The 1868 constitution also authorized members of the Georgia General Assembly to create county commissioners. Upon ratification, every Georgia county was governed by a county ordinary. But nine years later more than half of Georgia’s counties were governed by a board of commissioners rather than ordinaries. Over the years the sole commissioner form of government was mostly phased out.


In counties where a sole commissioner form of government still exists, proponents, like Taylor, call it “the most efficient.”

“If you need to get an answer from a commissioner then you can do so quickly. The sole commissioners are full-time county employees who have an open-door policy and are at work every day,” Taylor said. 

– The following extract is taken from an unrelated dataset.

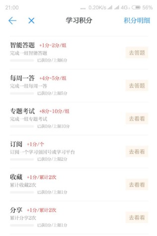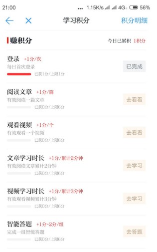 2、在学习积分中,有许多的学习增长得积分方式,比如我们看文章和视频,具体方式如这两张图,我们可以点击旁边的去看看等提示就可以进行增长积分途径;

“If you have a board of commissioners then those members have other full-time jobs and only come to a board meeting once or twice a month. People who need help must go through a county manager. Plus, a smaller county with a smaller population can’t pay five board members’ expenses.”

Chattooga County Commissioner Blake Elsberry, whose population is significantly smaller, at 24,932 people, said sole county commissioners are effective. 

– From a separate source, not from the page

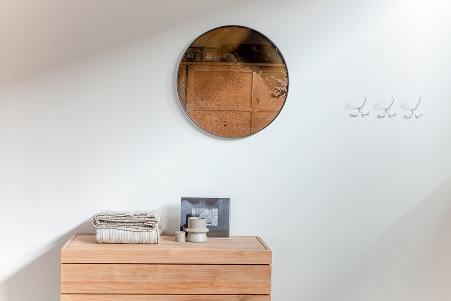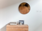 Kulaté nástěnné zrcadlo s dřevěným rámem s odrazem historické patiny, která zaujme na první pohled. K dispozici ve třech velikostech.
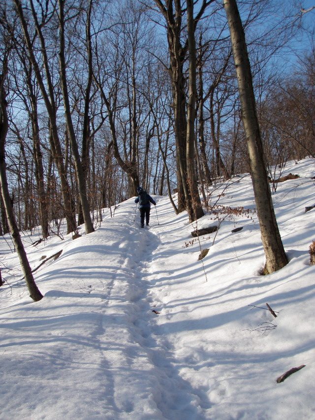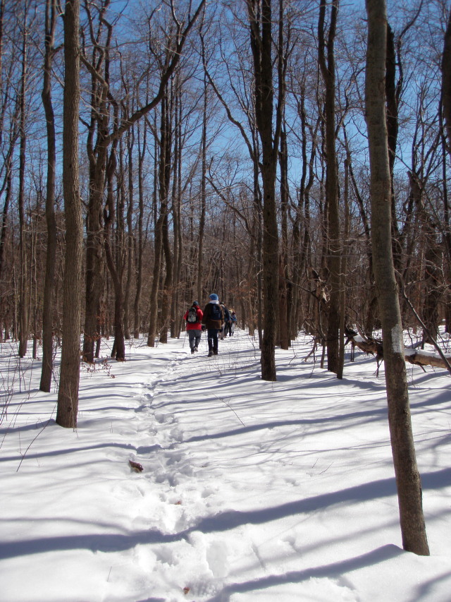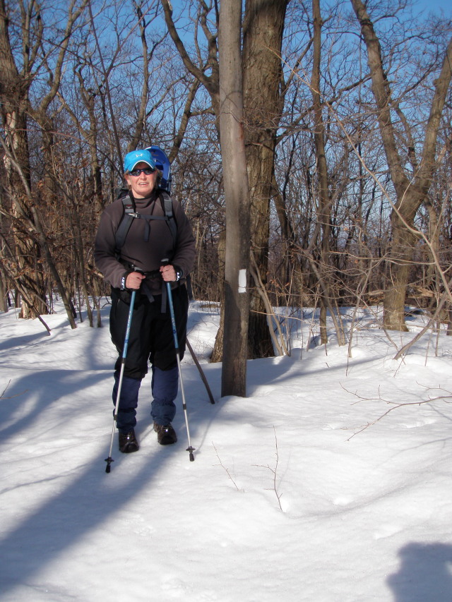 A total of ten hikers started on the trail just before 10:30 AM with Janet in the lead and the co-leader Dirigo as the sweep. It was a beautiful sunny day with very little wind. The trail was covered in snow but previous hikers had broken down the snow for us. In some cases it was easier to walk outside the broken snow because we did not slide in the slushy snow.

“I am in my third year,” Elsberry said.

“We have lowered the millage rate, cut county debt, and we have the first rural ER coming.”

The four sole county commissioners, in lieu of not having colleagues on a board to sometimes disagree or tell them no, each said that every four years voters hold them accountable.

“This is not a slam dunk you-are-in-it forever type of job,” Taylor said.

“I know what people say about one man having all the power, but that’s not true.”

But isn’t it more difficult for a challenger to beat an incumbent?

Elsberry said no.

“I beat a 12-year incumbent,” Elsberry said.

“That’s because that person increased taxes, and there was a noticeable lack of advancement in the county.”

Seven years ago, Greg Hogan defeated Murray County sole Commissioner Brittany Pittman.

In the past year, the Cartersville-Bartow County Department of Economic Development’s website announced plenty of new growth, including a new electric vehicle (EV) manufacturing plant that could create 3,500 new jobs.  

Union County Development Authority officials, meanwhile, reach out to new business prospects and describe their county as a place where new businesses can prosper due to its proximity to Chattanooga, Atlanta, Greenville, and Asheville. 

In a few years, however, new residents could do away with a sole commissioner in their respective counties and instead have a board. As rural counties experience the inevitable changes that come with growth, time will tell if the sole commissioner practice fades away.